The reasoning for needing the two integrity models is driven by the fact that these models leverage what is referred to as a “transitive trust”. A transitive trust is commonly referred to as a “trust chain”, which is created through the process of an entity making an integrity assessment of another entity and upon success transfers control to the new entity. This process is then repeated by each entity until the Trusted Computing Base (TCB) of system has been established. A challenge for transitive trust is that the process is susceptible to cumulative error and in this case that error is inaccurate or improper integrity assessments. The way to address cumulative error is to reduce the number of instances that can create error involved in the process. In this case it would be to reduce then number of entities involved in the transitive trust. It is not possible to reduce the number of firmware components or the boot loader(s) involved during static launch. This is where dynamic launch comes in, as it introduces the concept for a CPU to provide an instruction that results in a transitive trust starting with the CPU doing an integrity assessment of a special loader that can then start a target operating system. This reduces the trust chain down to the CPU, a special loader, and the target operation system. It is also why it is said that the DRTM is rooted in hardware since the CPU is what does the first integrity assessment, i.e. the first measurement, in the trust chain.

24.2. Overview

Prior to the start of the TrenchBoot project, the only active Open Source project supporting dynamic launch was Intel’s tboot project to support their implementation of dynamic launch known as Intel Trusted eXecution Technology (TXT). The approach taken by tboot was to provide an exokernel that could handle the launch protocol implemented by Intel’s special loader, the SINIT Authenticated Code Module (ACM 3) and remained in memory to manage the SMX CPU mode that a dynamic launch would put a system. While it is not precluded from being used for doing a late launch, tboot’s primary use case was to be used as an early launch solution. As a result the TrenchBoot project started the development of Secure Launch kernel feature to provide a more generalized approach. The focus of the effort is twofold, the first is to make the Linux kernel directly aware of the launch protocol used by Intel as well as AMD, and the second is to make the Linux kernel be able to initiate a dynamic launch. It is through this approach that the Secure Launch kernel feature creates a basis for the Linux kernel to be used in a variety of dynamic launch use cases.

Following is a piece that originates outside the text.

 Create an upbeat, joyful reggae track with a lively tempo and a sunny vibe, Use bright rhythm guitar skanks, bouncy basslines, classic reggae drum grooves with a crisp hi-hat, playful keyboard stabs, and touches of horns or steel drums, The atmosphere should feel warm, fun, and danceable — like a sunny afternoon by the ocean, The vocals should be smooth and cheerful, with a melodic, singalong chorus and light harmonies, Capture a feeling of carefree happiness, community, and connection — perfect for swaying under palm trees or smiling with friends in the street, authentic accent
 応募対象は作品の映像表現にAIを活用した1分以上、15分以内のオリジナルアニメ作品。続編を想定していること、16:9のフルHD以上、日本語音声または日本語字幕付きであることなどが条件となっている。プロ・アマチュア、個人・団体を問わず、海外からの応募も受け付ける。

The first use case that the TrenchBoot project focused on was the ability for the Linux kernel to be started by a dynamic launch, in particular as part of an early launch sequence. In this case the dynamic launch will be initiated by a boot loader with associated support added to it, for example the first targeted boot loader in this case was GRUB2. An integral part of establishing a measurement-based launch integrity involves measuring everything that is intended to be executed (kernel image, initrd, etc) and everything that will configure that kernel to execute (command line, boot params, etc). Then storing those measurements in a protected manner. Both the Intel and AMD dynamic launch implementations leverage the Trusted Platform Module (TPM) to store those measurements. The TPM itself has been designed such that a dynamic launch unlocks a specific set of Platform Configuration Registers (PCR) for holding measurement taken during the dynamic launch. These are referred to as the DRTM PCRs, PCRs 17-22. Further details on this process can be found in the documentation for the GETSEC instruction provided by Intel’s TXT and the SKINIT instruction provided by AMD’s AMD-V. The documentation on these technologies can be readily found online; see the Resources section below for references.

Currently only Intel TXT is supported in this first release of the Secure Launch feature. AMD/Hygon SKINIT support will be added in a subsequent release. Also this first version does not support a late relaunch which allows re-establishing the DRTM at various points post boot.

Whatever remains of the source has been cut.